Le 26 janvier, vous questionnerez l’avenir du médecin traitant. Pourquoi y a-t-il urgence ?
Dr Agnès Giannotti : Nous sommes à une période charnière pour le système de santé. Soit nous allons vers un système qui sécurise les parcours des patients, soit nous allons vers la dérégulation. Nous voyons bien dans les annonces des pouvoirs publics une tentation de se dire que l’on peut se passer de notre métier. Notre profession de premier recours est déterminante pour construire des réponses de proximité avec les patients. Cette proximité fait de nous des acteurs indispensables. Ce colloque consiste d’abord à faire toucher du doigt aux pouvoirs publics la réalité du métier, ce que nous faisons en pratique, ce que nous représentons dans le système de santé.
Dr Jacques Battistoni : L’essentiel est résumé dans le nom du colloque.
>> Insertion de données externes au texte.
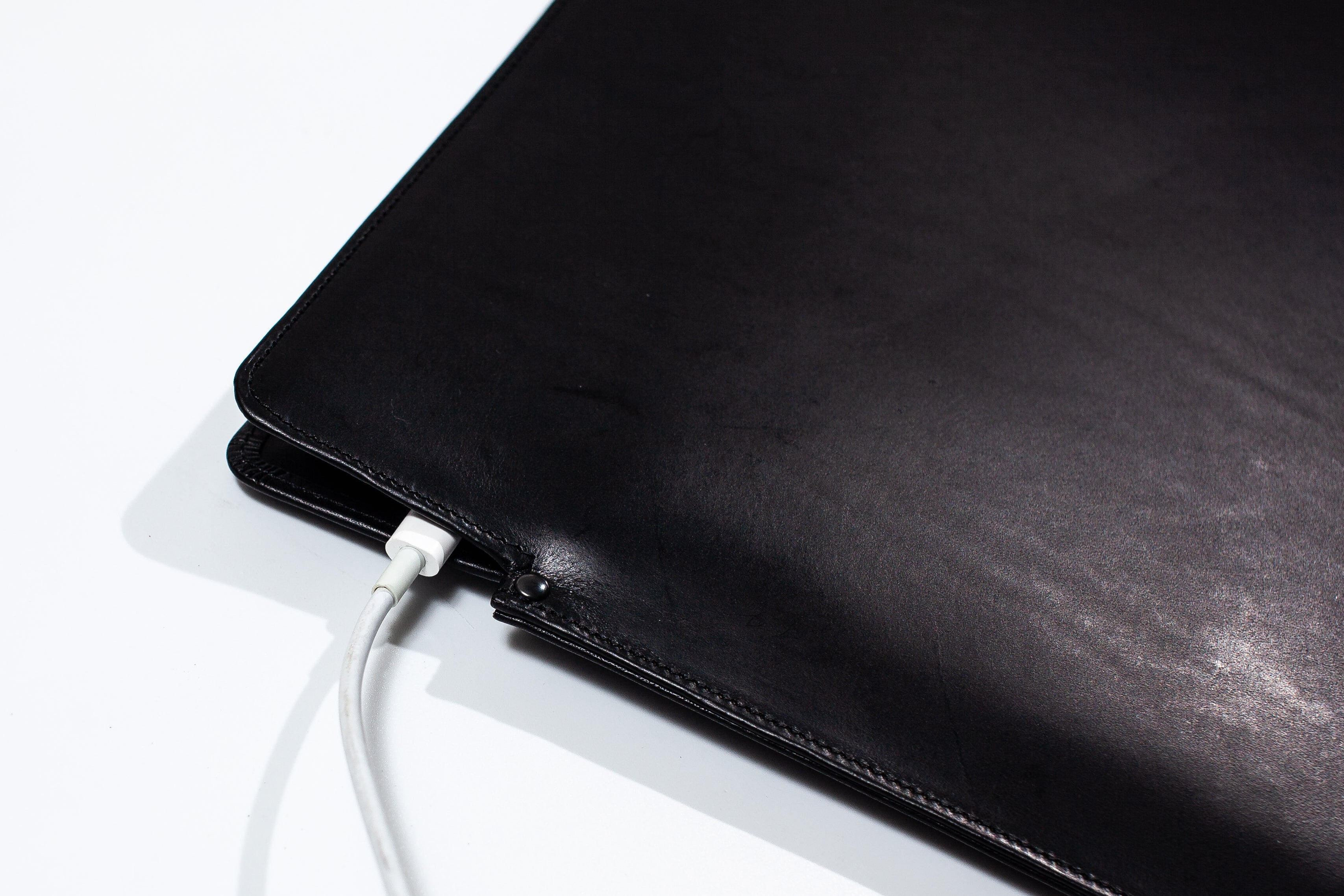 段差部分は上まで縫製せずスリットをいれることで、PCを収納したまま充電することが可能。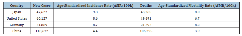 Table 1:Incidence and mortality rate as a result of pancreatic cancer in some nations across the globe (country-specific data).

Nous voulons questionner les pouvoirs publics sur l’avenir du médecin traitant. Et les interpeller sur les moyens alloués aux missions qui sont les nôtres.
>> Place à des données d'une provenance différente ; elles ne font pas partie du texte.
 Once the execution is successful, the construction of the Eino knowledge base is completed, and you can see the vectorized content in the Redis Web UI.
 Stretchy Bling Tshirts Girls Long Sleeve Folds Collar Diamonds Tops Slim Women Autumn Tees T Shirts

Vous présenterez un état des lieux de la situation. Pouvez-vous nous en dire plus ?
Dr J. B. : Cet état des lieux repose sur trois volets. Nous allons d’abord rappeler les missions du médecin traitant, puis nous présenterons des chiffres montrant l'activité de la médecine générale, et enfin nous partagerons les résultats d’une enquête réalisée auprès de nos adhérents. Entre 2021 et 2022, le nombre de consultations a diminué de 6,2 % et celui des visites de près de 20 %. Par ailleurs, 64 % des actes remboursés en 2021 pour les moins de 15 ans ont été réalisés en médecine générale. Notre enquête réalisée entre le 9 décembre et le 3 janvier est révélatrice des attentes des médecins généralistes traitants. Près de trois quarts des 194 répondants accepteraient de voir plus de patients si le travail avec des collaborateurs le leur permettait sans travailler plus longtemps. Ainsi, la meilleure façon pour les généralistes d’être efficaces et de prendre en charge une population plus nombreuse est de bénéficier d’assistants médicaux, de secrétariats « classiques » pour l’accueil et la prise de rendez-vous, d’infirmiers Asalée… Sans surprise, en dernier arrivent les accès directs aux kinés et aux IPA et les protocoles de soins avec les pharmaciens. On voit également que tous sont favorables à l’interprofessionnalité, mais à condition d’avoir une réelle coordination et de garantir la place cardinale du médecin traitant.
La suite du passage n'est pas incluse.